I get to the court building where I am frisked and sent through a metal detector. I head for the bank of elevators. Ten elevators… 500 people. Ding. The light goes off at elevator one. 500 people stampede to that elevator… ten get in. Ding. The light goes on at elevator six. The stampede rushes to that elevator. And that’s how it went for ½ an hour until I won the elevator lotto and an elevator arrived at a door I was standing in front of.
I arrive at my floor and check in with the court clerk. I walk into the room of 400 chairs or as I call it purgatory. You could hear a pin drop. 400 people not a sound, it was something I had never seen before… group shock. I find a seat and it’s then I start looking over the crowd. OMG… it’s a Cinco D’ Mayo festival. All around me people are speaking Spanish. And those who weren’t speaking Spanish were speaking Mandarin. America really is a melting pot. There were a few valley people there… and an assortment of freaks. A guy with a pentagram on his hat… a 400 pound guy carrying a lunch pail… the Unabomber.
And so this melting pot of humanity sits there 9 a.m. 10 a.m. 11 a.m. Noon… the quiet room has now got this low murmur going. AND THEN… “We are ready to pick our first panel.” And the names are being announced over the loud speaker: “Mario Gonzalez… Victor Consualo, Arturo Hernadez… Maria Ortez…” With every name there is a sense of relief that your name has not been called. I turned to the woman sitting next to me and said, “Now I know how Anne Frank felt.” HUGE LAUGH.
We break for lunch. However, same game at the elevators. I give up and go back to purgatory where I begin posting on Facebook… all I need is a little inspiration and I’m off and running. The posts are funny and furious. Now I’m posting photos. Now I’m Facebooking with Marsha Posner Williams. We are laughing so hard that others are looking at me like I’ve lost my mind…which I am about to.

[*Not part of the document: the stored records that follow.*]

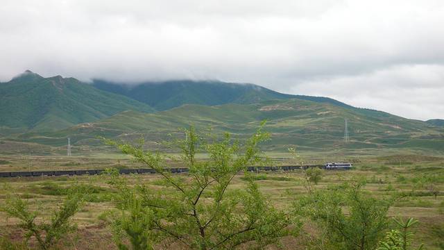 可见远处可能是货运列车从充满矿山的这赤峰西部穿过
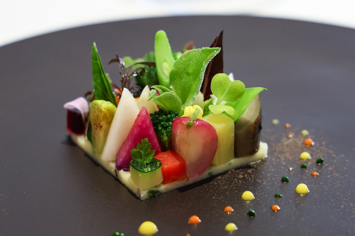 一口ごとに異なる香りと食感が現れ、食べ進めるほどに「野菜とは何か」を問いかけられる一皿。
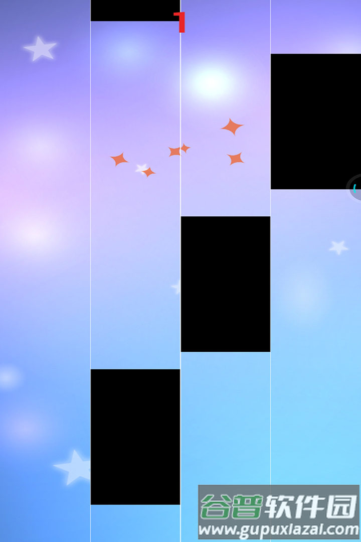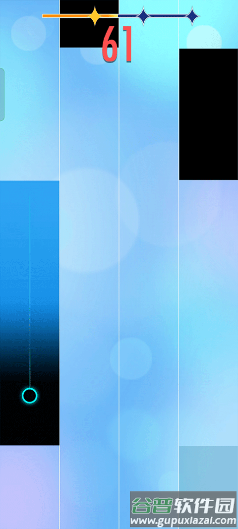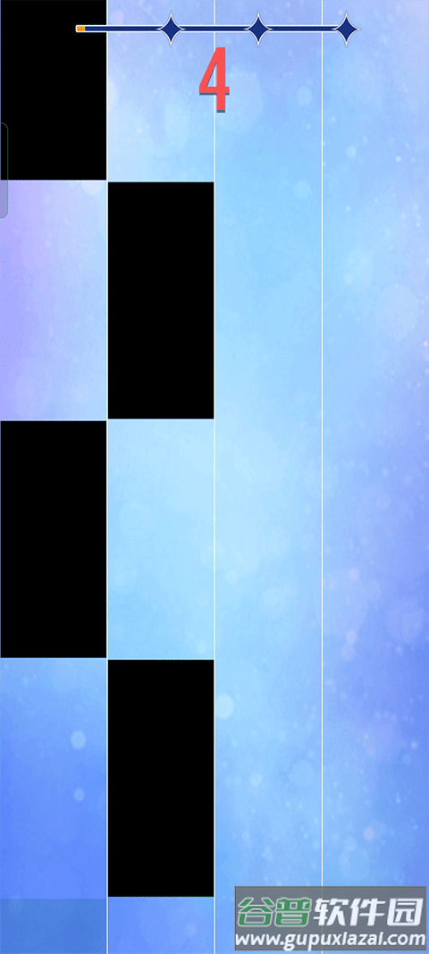 4、游戏开始后,注意观察四个轨道上滑落的黑色琴键,准确点击才能奏响音符;
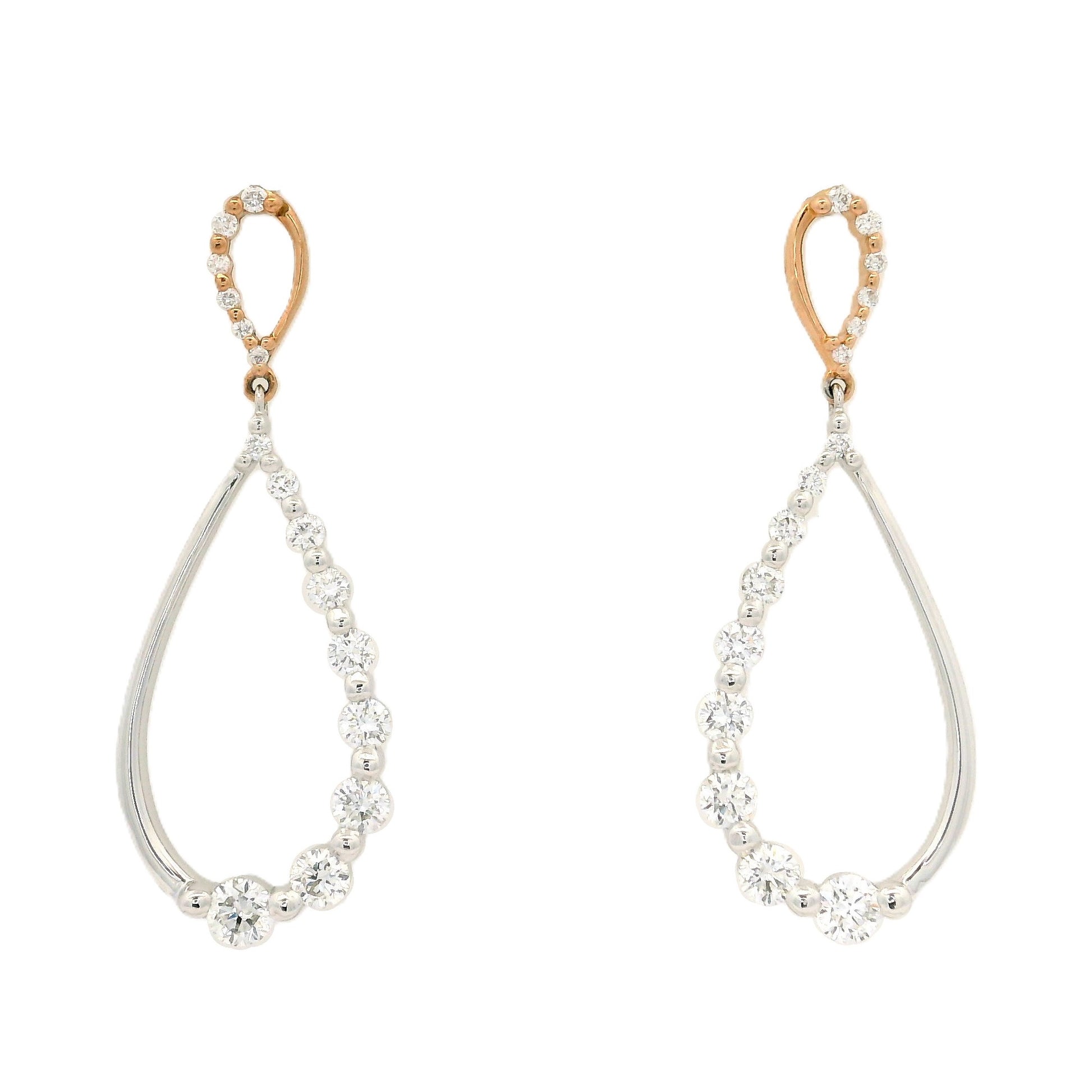 9RWG GRADUATING OPEN DOUBLE TEARDROP EARRINGS SET WITH RBC 30=0.50ct WH PQ **RG SMALL TEARDROP & WG BIG TEARDROP**
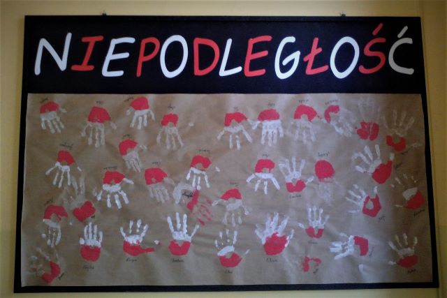 11 LISTOPADA 2019r. 101 rocznica odzyskania przez Polskę Niepodległości W dniu 8 listopada 2019r. uczniowie klas I-III wzięli udział we wspólnym śpiewaniu pieśni patriotycznych wraz z uczniami oświęcimskich szkół. Uczniowie przygotowali również gazetkę w formie odciśniętych dłoni w barwach biało-czerwonych. W dniu 11 listopada 2019r. delegacja społeczności szkolnej wzięła udział w miejskich uroczystościach rocznicowych.
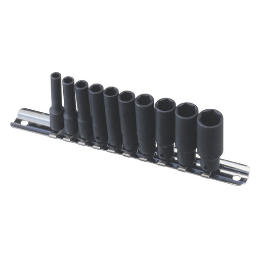 Ens. 10 douilles à chocs profondes 1/2" (Métrique)
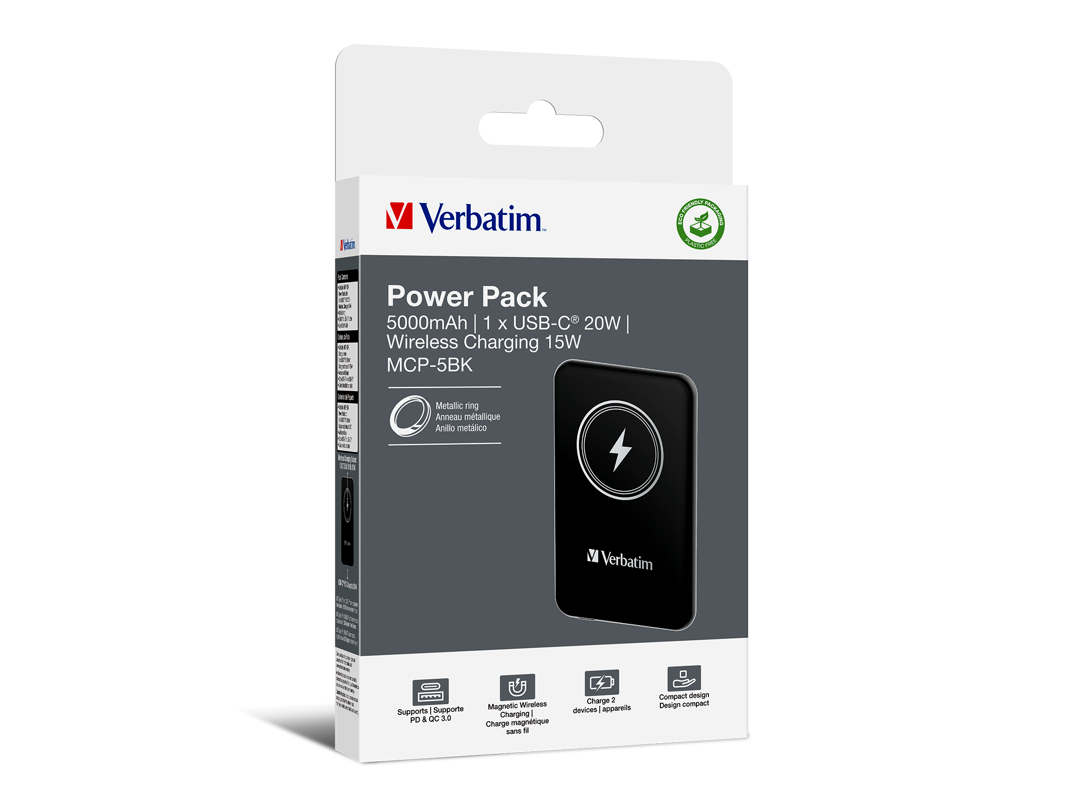 Verbatim MAG Charge 'n' Go Powerbank 5000mAh 20W (1,67 - 2.4A / 5-9V) - Fekete
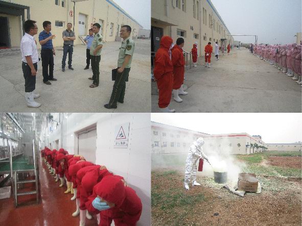 吉林德惠寶源豐禽業(yè)發(fā)生特大事故,造成120人遇難,在全國(guó)安全月伊始之時(shí)發(fā)生如此重大事故,教訓(xùn)慘痛。為吸取這一慘痛的經(jīng)驗(yàn)教訓(xùn),落實(shí)于董事長(zhǎng)關(guān)于安全整頓的要求,進(jìn)一步增強(qiáng)員工安全意識(shí)和自我救助能力,公司于2013年6月7日在各分廠車間、制冷機(jī)房和廠區(qū)空地三處演習(xí)地點(diǎn)舉行了緊急疏散、液氨泄漏緊急處置和消防滅火的實(shí)戰(zhàn)演練。
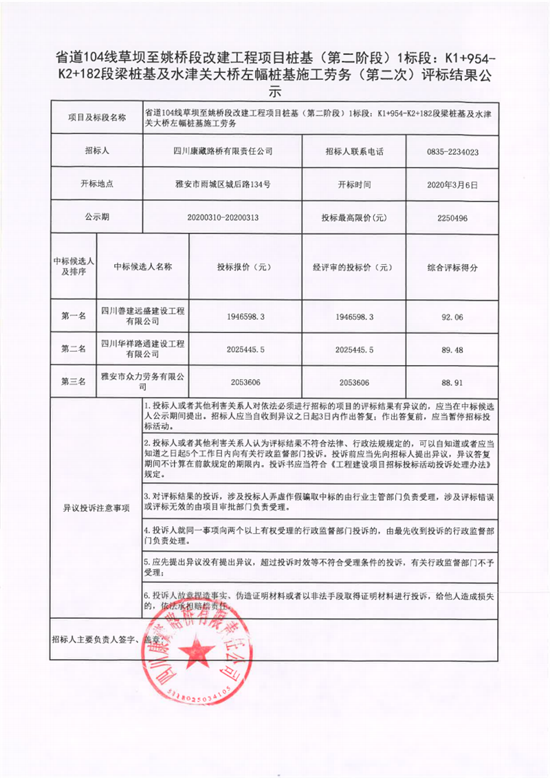 四川康藏路橋有限責(zé)任公司省道104線草壩至姚橋段改建工程項(xiàng)目樁基(第二階段)1標(biāo)段:K1+954-K2+182段梁樁基及水津關(guān)大橋左幅樁基施工勞務(wù)(第二次)評標(biāo)結(jié)果公示

We come back after lunch… it’s 1:30. We hear the announcement that sends shivers down our spines. “We are ready to pick our next panel.” I am not picked. 2:30 3:00 3:30.. I know we are let go at 4 pm. If I can just make it till 4 I am free for a year. At 3:45 a woman approaches the podium. “May I have your attention?” 200 people’s hearts stop. “The courts have called down and we don’t need any more panels for today.” An audible “YES” is heard through the room. They call out our names…we give back our juror badge… and we head for the elevators to wait for the elevator lotto game again. Not a word is being spoken but as we pass through the front door heading for the street a woman says to no one… “What a monumental waste of time.” To which a second woman says, “And this is the four time they’ve done this to me.” To which another woman says, “And they don’t care.” I am silent. I am the observer and reporter of human emotions. I am watching and listening. But I will tell you this. There has to be a better system than the one I just experienced. With all the technology of today, there has to be a better way to find a jury than to hold hundreds of people captive for a week…force them to do something they don’t want to do… take them out of their lives and their jobs to pass judgment on another human being. And if I were a felon and saw who the jury pool was… I would plea bargain immediately because I would NOT want any of THOSE people deciding my fate. I now see how George Zimmer walked. I now see how our prisons are filled with innocent people. This is no way to run a court system. And I wish I had a better answer… but I don’t. Sad. No?